# Extrem-OC mit Flüssighelium und Skylake: Die Deutschen Dancop und der8auer führen weltweite Rangliste an



## PCGH-Redaktion (6. August 2015)

Jetzt ist Ihre Meinung gefragt zu *Extrem-OC mit Flüssighelium und Skylake: Die Deutschen Dancop und der8auer führen weltweite Rangliste an*

					Asus hat kürzlich das Extrem-OC-Event Absolute Zero veranstaltet, auf dem einige bekannte Extrem-OC'ler aus der ganzen Welt nicht nur mit Flüssigstickstoff, sondern auch mit Flüssighelium ihr Können unter Beweis stellen konnten. Die beiden Deutschen Dancop und der8auer konnten zahlreiche Weltrekorde brechen und so die ersten beiden Ranglistenplätze besetzen.

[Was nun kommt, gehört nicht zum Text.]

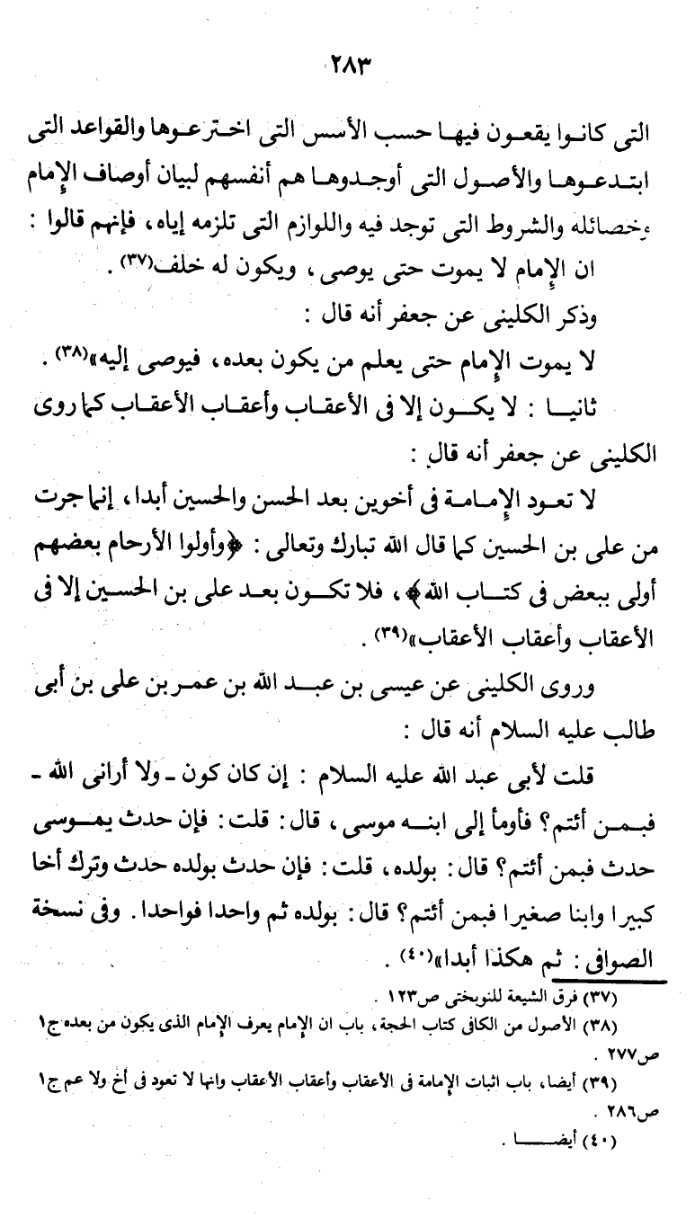(¬3) أيضاً، باب إثبات الإمامة في الأعقاب وأعقاب الأعقاب وأنها لا تعود في أخ ولا عم ج 1 ص 286.

					Bitte beachten Sie: Der Kommentarbereich wird gemäß der Forenregeln moderiert. Allgemeine Fragen und Kritik zu Online-Artikeln von PC Games Hardware sind im Feedback-Unterforum zu veröffentlichen und nicht im Kommentarthread zu einer News. Dort werden sie ohne Nachfragen entfernt.

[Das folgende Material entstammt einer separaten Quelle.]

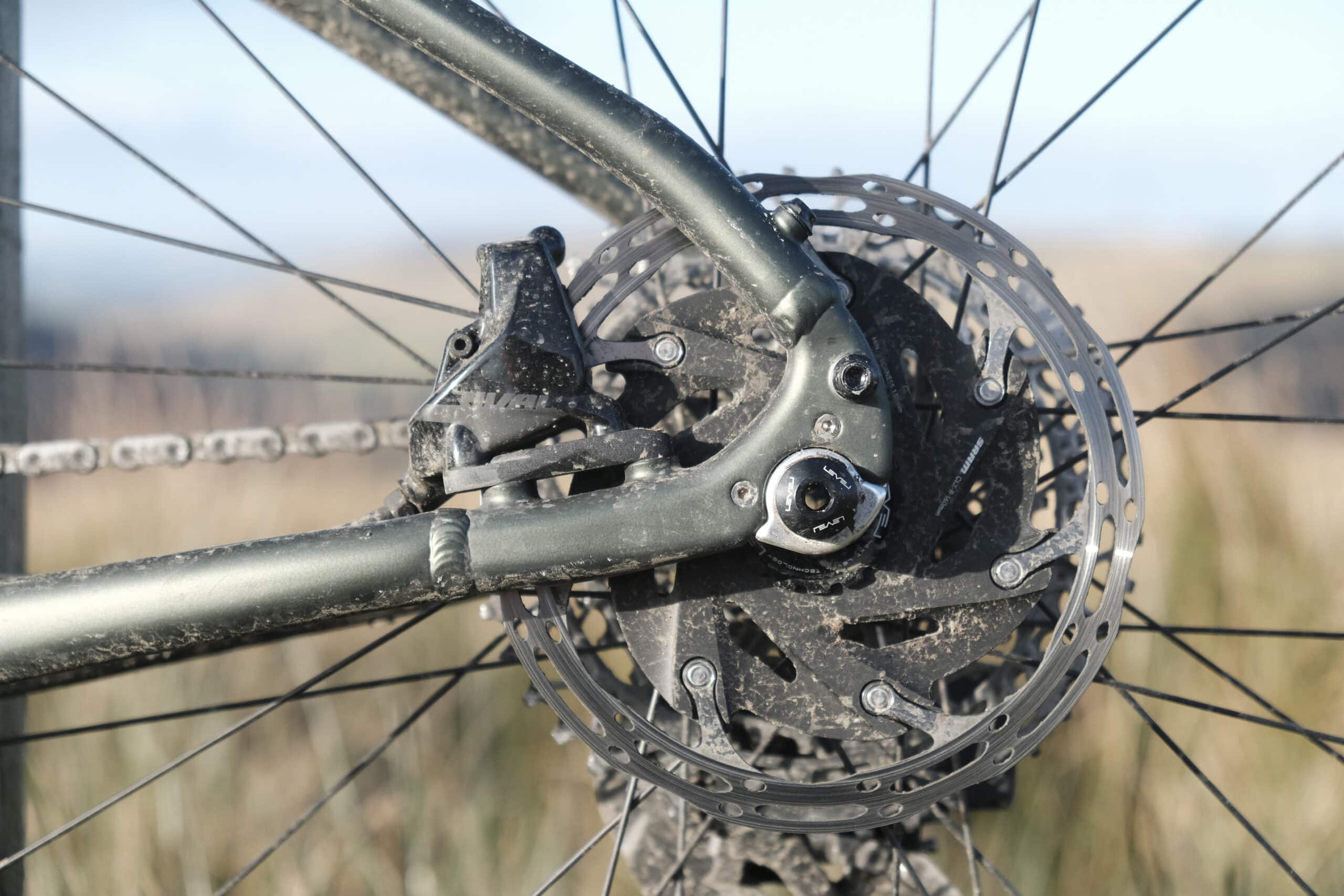A sleek modern design with mostly smooth welds (don’t look at the rear triangle) and an excellent paint job that catches the light and looks quite striking when it’s not filthy. The Ribble Gravel AL is only available in green unless you use the option for a custom colour from £350 upwards, but personally I’d be super happy with this frame colour.

			Dieser Inhalt steht nur eingeloggten Mitgliedern zur Verfügung.
        

 Zurück zum Artikel: *Extrem-OC mit Flüssighelium und Skylake: Die Deutschen Dancop und der8auer führen weltweite Rangliste an*


----------



## Kashura (6. August 2015)

*AW: Extrem-OC mit Flüssighelium und Skylake: Die Deutschen Dancop und der8auer führen weltweite Rangliste an*

und ich bekomme zu hause meinen Stock Kühler nicht vom Sandy runter xD Naja egal

Coole Sache das die beiden uns so gut vertreten haben


----------



## drebbin (6. August 2015)

*AW: Extrem-OC mit Flüssighelium und Skylake: Die Deutschen Dancop und der8auer führen weltweite Rangliste an*

Wieder mal Wahnsinn.
Aber ein Rechner wo Dancop im Uefi einspielt darf trotzdem auch mal:
Bluescreeeeeeeen 
Machen


----------



## Don_Dan (6. August 2015)

*AW: Extrem-OC mit Flüssighelium und Skylake: Die Deutschen Dancop und der8auer führen weltweite Rangliste an*

Sehr starke Leistung, Jungs!


----------



## floppyexe (6. August 2015)

*AW: Extrem-OC mit Flüssighelium und Skylake: Die Deutschen Dancop und der8auer führen weltweite Rangliste an*



Kashura schrieb:


> Coole Sache das die beiden uns so gut vertreten haben


Wer ist uns?


----------



## KrHome (6. August 2015)

*AW: Extrem-OC mit Flüssighelium und Skylake: Die Deutschen Dancop und der8auer führen weltweite Rangliste an*



			
				News schrieb:
			
		

> ...die keinen  sogenannten Cold-Bug haben und daher mit dem *Flüssigstickstoff* betrieben  werden können. Am Ende erreicht man so 100 bis 300 MHz mehr gegenüber  LN2


Gemeint ist wohl Flüssighelium.


----------



## MezZo_Mix (6. August 2015)

*AW: Extrem-OC mit Flüssighelium und Skylake: Die Deutschen Dancop und der8auer führen weltweite Rangliste an*



floppyexe schrieb:


> Wer ist uns?



PCGH.


----------



## Perry (6. August 2015)

*AW: Extrem-OC mit Flüssighelium und Skylake: Die Deutschen Dancop und der8auer führen weltweite Rangliste an*

Ist flüssiges Helium nicht Superfluid und läuft am Gefäßrand einfach heraus?


----------



## n0x1893 (6. August 2015)

*AW: Extrem-OC mit Flüssighelium und Skylake: Die Deutschen Dancop und der8auer führen weltweite Rangliste an*



Perry schrieb:


> Ist flüssiges Helium nicht Superfluid und läuft am Gefäßrand einfach heraus?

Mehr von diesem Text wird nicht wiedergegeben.